Shona Murray, Euronews : Et bien sûr, l'une des choses que le Brexit doit prouver, c'est qu'il n'est pas une menace pour la sécurité et la paix en Irlande du Nord. Et vous avez ce différend en cours sur le protocole de l'Irlande du Nord qui a été négocié, en prenant minutieusement en compte l'accord du Vendredi Saint. Tout le monde a expliqué en détail ce qu'il exigerait, des contrôles en mer d'Irlande, et pourtant le gouvernement britannique refuse de l'appliquer. A votre avis, que devraient faire le Royaume-Uni et l'UE pour sortir de cette impasse ?

Niall Ferguson : Il est très difficile de proposer une solution rapide à ce problème. Cela a toujours été un problème très, très délicat pour lequel il n'y a pas de solution satisfaisante pour toutes les parties.
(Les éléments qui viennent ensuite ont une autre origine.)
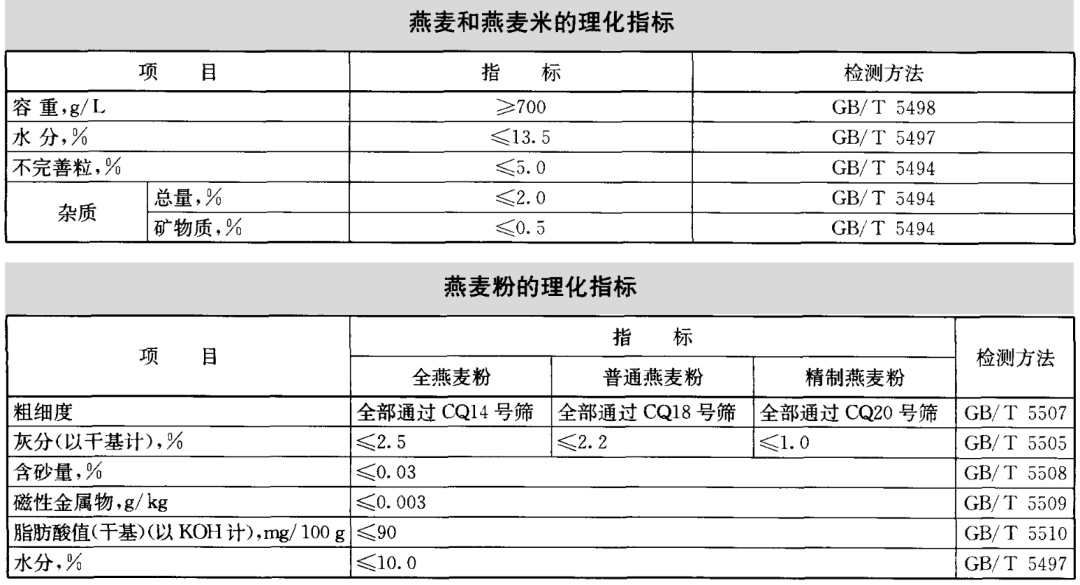 NY/T 892-2014 《绿色食品 燕麦及燕麦粉》中的产品理化指标要求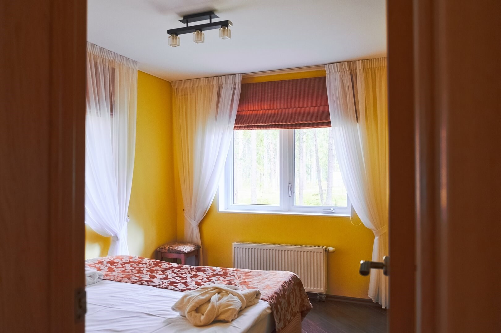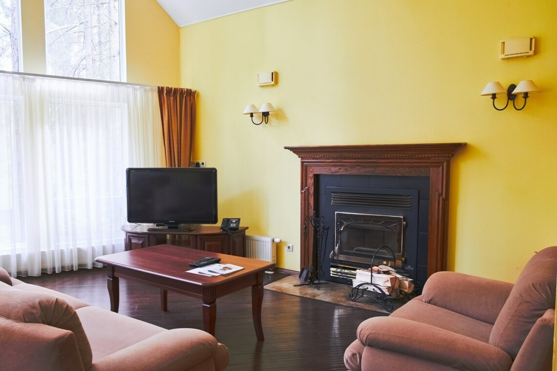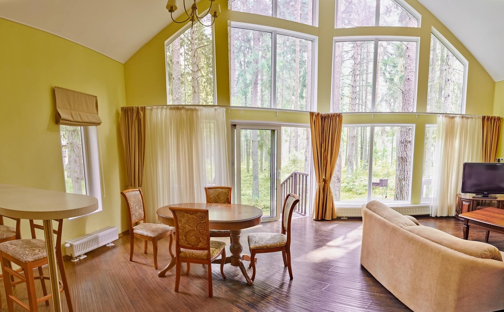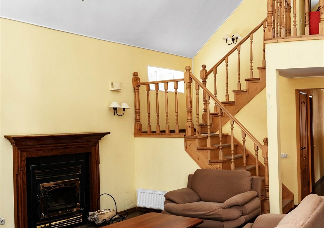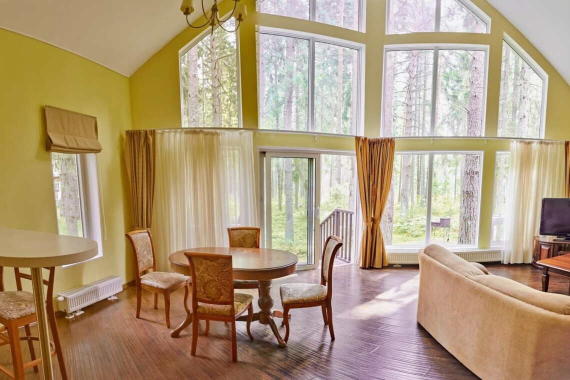 Расположенный в лесной зоне двухэтажный коттедж площадью 118 кв. м. с гостиной, оборудованной кухней-столовой, двумя спальными комнатами на разных этажах и двумя туалетными комнатами. На первом этаже расположена сауна на два человека с душем. Кухня с электроплитой, вытяжкой, холодильником, посудомоечной машиной и набором посуды на 6 персон. Гостиная с камином, телевизором, телефоном, индивидуальным сейфом. К услугам гостей – бесплатный WI-FI. Количество основных мест – 4, дополнительных мест – 2

Je pense que le message a été transmis haut et fort par Joe Biden en Cornouailles (Ndlr : lors du sommet du G7 du 11 au 13 juin 2021), à savoir que les États-Unis n'ont aucune sympathie pour toute tentative du Royaume-Uni de revenir sur le protocole d'Irlande du Nord. J'ai donc le sentiment que nous devrions penser à cela de la même manière que nous pensons à la relation de la Suisse avec l'UE. Et je pense que cette analogie est beaucoup plus utile que toutes les autres qui ont été brandies au cours des cinq dernières années.

Shona Murray, Euronews : Oui, mais la menace d'un retour de la violence, est imminente et très sérieuse.

Niall Ferguson : Boris Johnson est le dernier en date d'une longue succession de politiciens britanniques qui, ayant passé presque toute leur vie en Angleterre, ne comprennent pas très bien le problème nord-irlandais. Et à un moment donné, ils reçoivent généralement une éducation plutôt dure. Et c'est ce que nous voyons se produire maintenant. Je pense que du point de vue de Boris Johnson, le Brexit est un cadeau. De son point de vue, c'est ce qui lui a permis d'atteindre l'apogée de sa carrière politique. Il a pris ce risque en 2016 en faisant défection au gouvernement de David Cameron. Et cela a marché pour lui. Il a remarqué - et c'est très important - que ce qui marche bien dans le nord de l'Angleterre lui garantit une position dominante.

Tant que ce sera le cas, Boris ne se souciera pas de provoquer des troubles en Irlande du Nord, car politiquement, c'est beaucoup, beaucoup moins important pour lui. C'est une prise de risque, comme vous le laissez entendre à juste titre. Cela pourrait conduire à une certaine reprise des troubles dont nous nous souvenons tous avec le cœur lourd.